# Please read.



## BIG "D" (Sep 14, 2005)

I did not witness this but my fishing partner did. He was fishing sat.morning at Dutton rd. Around noon he can upon two persons (20-25 years old) with two stringers full of fish, some hogs. When they saw him they got out of dodge as fast as they could. He did not follow them because he was not sure what the limit was. We never keep fish.
Dutton used to be one of my favorite streches. When people PMed me that is where I told them to go. I am fearful now that if you post any locations such as roads, you might be asking that your favorite spot might be overfished to extentison. I will never post any location on this or the south east site again. If said violaters are reading this, be thankful you did not run into me. I would have took lots and lots of pictures of you and your truck to show the CO when he got there.


----------



## DE82 (Nov 28, 2007)

As my last post in this section let me say that's a real shame. You are one of the most knowledgible trout fishermen I know Big D and I feel the forum is really losing something with this. I hope all the people on their moral high horse and people who can't respect something somebody shows them are happy. See you out on the water D


----------



## BIG "D" (Sep 14, 2005)

I'm with you Byron. Outa here


----------



## Fishndude (Feb 22, 2003)

The site isn't bad, it is a GREAT site. But, as with any popular website, there may be a few bad apples who use it to their advantage to perpetrate some sort of crime (overlimit, from the sounds of it). Don't let that chase you from the site, and it's GREAT members. 

I rarely post about my actual fishing success, or lack thereof. :lol: I enjoy sharing tips and tricks, and general discussions about fisheries. I will sometimes post about real popular places I have fished, because they ARE popular, and any additional people my reports might send there, will just be part of the crowd - ie: Tippy dam, 6th St dam, etc. You won't find me telling about catching wild Browns and Brookies from Cozy Creek (not its real name, and known only to a small group of people I have associated with for most of my life), or a hotspot on a trib that has lots of natural reproduction of Steelhead, where a buddy of mine has been catching LOTS of droppies lately. No need for that.


----------



## diztortion (Sep 6, 2009)

Its one thing to share a resource with others but another to rape a resource. I won't share the exact locations where I've been catching fish, but I will let people know the general ideas and practices I may use. 

I've been out with a few members and we went to their locations. I don't share these spots with anyone including family. I would expect the same respect for anyone. I was thinking of stopping at a boat launch that we fished opening day(well, night) but I just didn't feel comfortable. I wouldn't have found the spot by myself.

I've learned so much about this site from other people, both fishing and hunting, with everything in between.

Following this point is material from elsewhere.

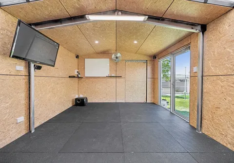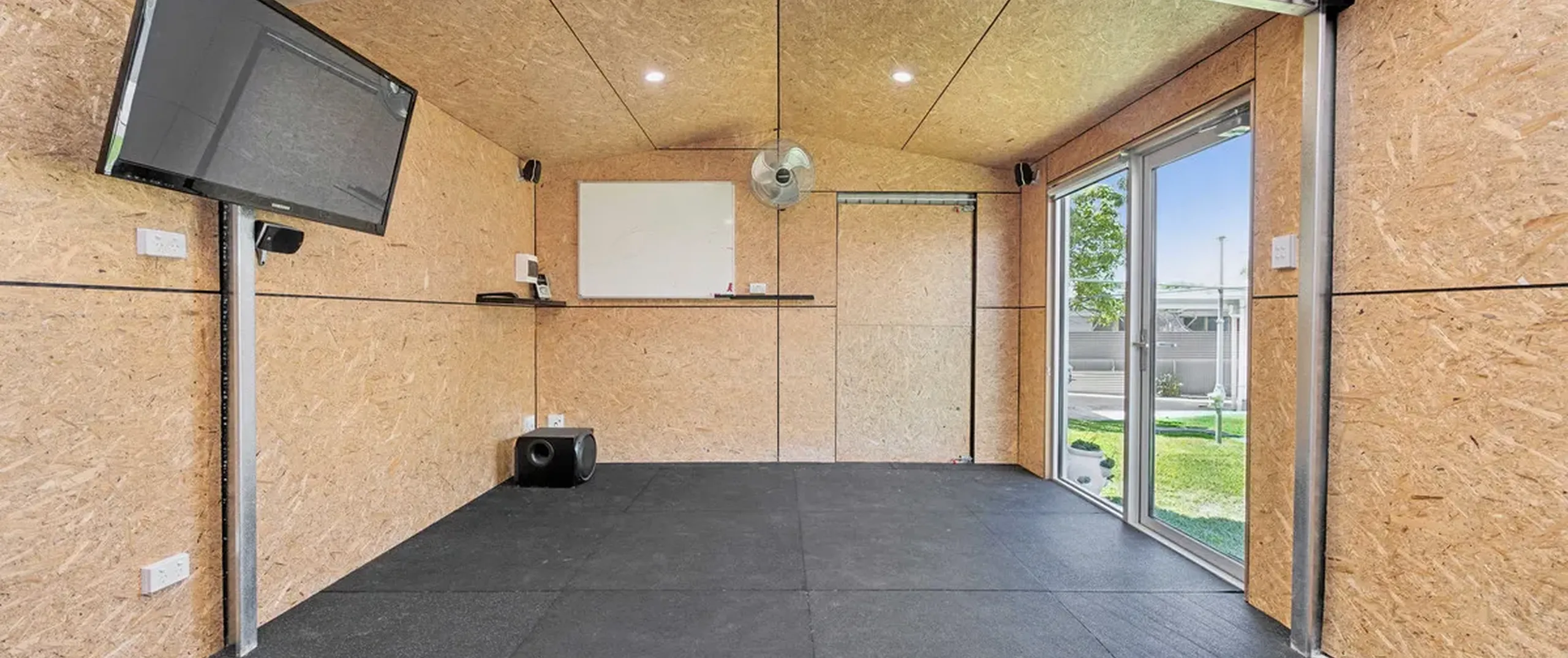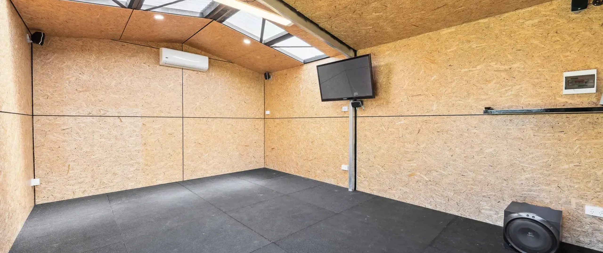 - Rumpus room at the rear of the property, including split system air conditioner, Logitech sound system and mounted Samsung TV

It's a good site with helpful information and helpful people.


----------



## 1styearff (Mar 3, 2010)

Sorry to be losing you D and DE82. I don't want to turn this into last year's "C & R on the Paint" thread, but I will say this:

I don't fault a man for keeping a fish, but size and creel limits are in place for a reason. If these gentlemen were poaching trout they were breaking the law. If they had legal limits of monster trout some people would call it their legal right, others would call it selfish. 

I also don't want to see my favorite stretch over-fished, junked up with litter or otherwise "raped of it's resources". (kudos, Diztortion ). The last time I was out I ran across 4 spots where I had to untangle ~5 yards of line with multiple split shot, gang hooks and dried crawlers hanging from trees and vines.

I caught and released a 14.5" brown on the Paint Sunday. Did it make me feel good? Yup. Was it fun? Hell yeah. Do I feel superior to those who keep their catch? Not even close. But I do know that I am better than any poacher or litter bug.


----------



## supermetallogic (Jan 18, 2010)

Man if i would have witnessed what you did Big D I would have been poed thats forsure.I dont post where I fish at either it gets way too much pressure as it is.


----------



## jd_7655 (Mar 25, 2004)

Yeah thats too bad that people would do something like that. They're just lucky I didn't catch them. To think that I just released two nice fish just to have someone come along and poach them realy gets under my skin.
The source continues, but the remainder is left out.